By MATT CLARK
Tuesday, May 6, 2008
Gone are student field trips. Dismissed are dozens of administrators, bus drivers and secretaries. Reduced are funds for high school athletic events, musical instrument repair and marching band uniforms.
But the Lee County school district still needs to cut $14.6 million from its budget, and that money looks to come right from the salaries, raises or health insurance benefits of workers with the county´s largest employer.
Members of the Teachers Association of Lee County and the Support Personnel Association of Lee County - two union-affiliated groups representing about 9,500 workers - met with district officials Monday in their first contract bargaining session following the passage of the state´s budget last week.

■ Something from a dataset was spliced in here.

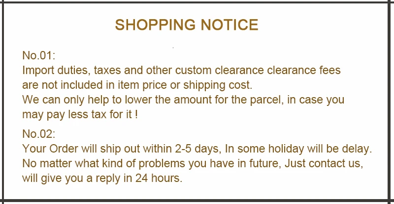 1. Импортные пошлины, налоги и другие таможенные сборы не включены в цену товара или стоимость доставки.Это ответственность покупателя. Пожалуйста, проверьте в вашем таможенном офисе, чтобы определить, какие дополнительные расходы будут до вашей покупки. Мы можем декларировать более низкую стоимость, чтобы помочь вам избежать некоторых налогов по вашему запросу. 2. Мы решим способ доставки для всехБесплатная доставкаЗаказы. Если вам нужен конкретный способ доставки, пожалуйста, оставьте нам сообщение при размещении заказа. 3.Наша цель-поставлять продукцию хорошего качества каждому клиенту. Все наши продукты были протестированы, проверены и упакованы в хорошем состоянии с надлежащими запасными частями. Если товары, которые вы получили, являются дефектными, пожалуйста, немедленно свяжитесь с нами, мы предоставим вам лучшее решение (повторно Замените или вернем деньги) 4. Пожалуйста, не открывайте спор или не пишите плохой или нейтральный отзыв напрямую, не связавшись с нами.У вас есть наши слова здесь: все проблемы могут быть решены путем хорошего общения, мы надеемся, что все наши клиенты могут удовлетворить наши продукты и услуги. Если у вас есть какие-либо проблемы с нашими продуктами или обслуживанием, пожалуйста, сначала свяжитесь с нами, и мы предоставим вам идеальное решение. Покупатели, которые размещают заказ, будут считаться согласны с этими условиями& Условий. 5.НашиНапрямую от производителя, Мы можем сделать не только обычные огни, показанные на веб-сайте, но и настроить свет в соответствии с вашими особыми запросами. Добро пожаловать, свяжитесь с нами. 6. Отправьте нам сообщение, пожалуйста, свяжитесь с нами в любое время, мы ответим Вам в течение 24 часов.

That budget resulted in a $7 million funding increase for the school district, far short of the $35.7 million increase in salary, fuel and utility expenses the district expects for the next year. The result is a $29 million hole, half of which the district filled over the past two months by cutting dozens of programs, projects and nearly 160 positions, many of them directorships.

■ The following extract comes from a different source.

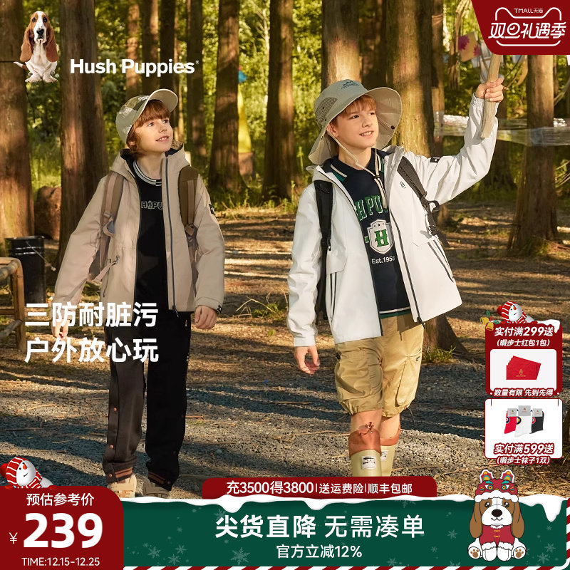 暇步士童装儿童风衣春秋装新款到男大童户外运动上衣三防连帽外套

District Budget Director Ami Desamours said the remainder will come from the bargaining table.
“We have done as much cutting as we can,” Desamours said.

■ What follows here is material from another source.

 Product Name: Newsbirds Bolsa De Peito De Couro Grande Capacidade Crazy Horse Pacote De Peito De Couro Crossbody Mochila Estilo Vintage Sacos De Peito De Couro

The situation compounds itself by the fact that the state may not have enough money to cover the cost of the budget it passed. District Chief Business Officer Lee Legutko said last week that the state put off estimating its revenue, and will likely have to make cuts midway through next year, as it did this year.
Also complicating the bargaining is an $8 million increase in health insurance costs.
Support Personnel Association President Bob Rushlow said it´s the worst situation he has seen in years.
“I´ve been in negotiations for many, many years, but this has got to be some of the toughest negotiations that I have ever experienced,” Rushlow said after the four-hour meeting´s completion. “And it´s not over yet.”
Within the coming weeks, the groups hope to eventually reach an agreement with the district. The meetings held up to this point have allowed for brainstorming various options.
One suggestion placed on the table was to cut the employees´ $20 million benefit package, which includes funding for raises and health benefits, by $14.6 million and let the remaining $5.4 million be distributed how the employee associations wished.
Those in the meetings have also suggested cuts in salary, including cutting pay for holidays the district´s employees do not work.
“Any decision we´re going to make is going to be unpopular,” Rushlow said. “It´s a shame that the Legislature and the governor won´t tap into the renegade fund for this budget. The legislators won´t step up to the plate on this one. I don´t think they realize this is impacting kids lives and their futures.”
At several points, the discussion turned to the cuts that have already been made and how the district would operate without those employees and programs.
“I do want to assure you that sitting on that budget committee this year was probably one of the most frustrating things I have ever done,” District Human Resources Director Greg Adkins said. “I sat with the chiefs this morning and the groups started talking about the services that we don´t even know how we are going to provide.”
Rushlow said many of his employees are concerned with the road from here. The district expects the same budget situation to repeat itself for the next two years, likely resulting in an end to anything that isn´t nailed down by state law, including athletics, arts and music programs.
“Obviously, if you are going to cut personnel, you are going to cut services,” Rushlow said. “Who is going to pick up that extra work when you cut the personnel? What are the consequences if they don´t get it done? There is a lot of fear out there, a tremendous amount of fear out there.”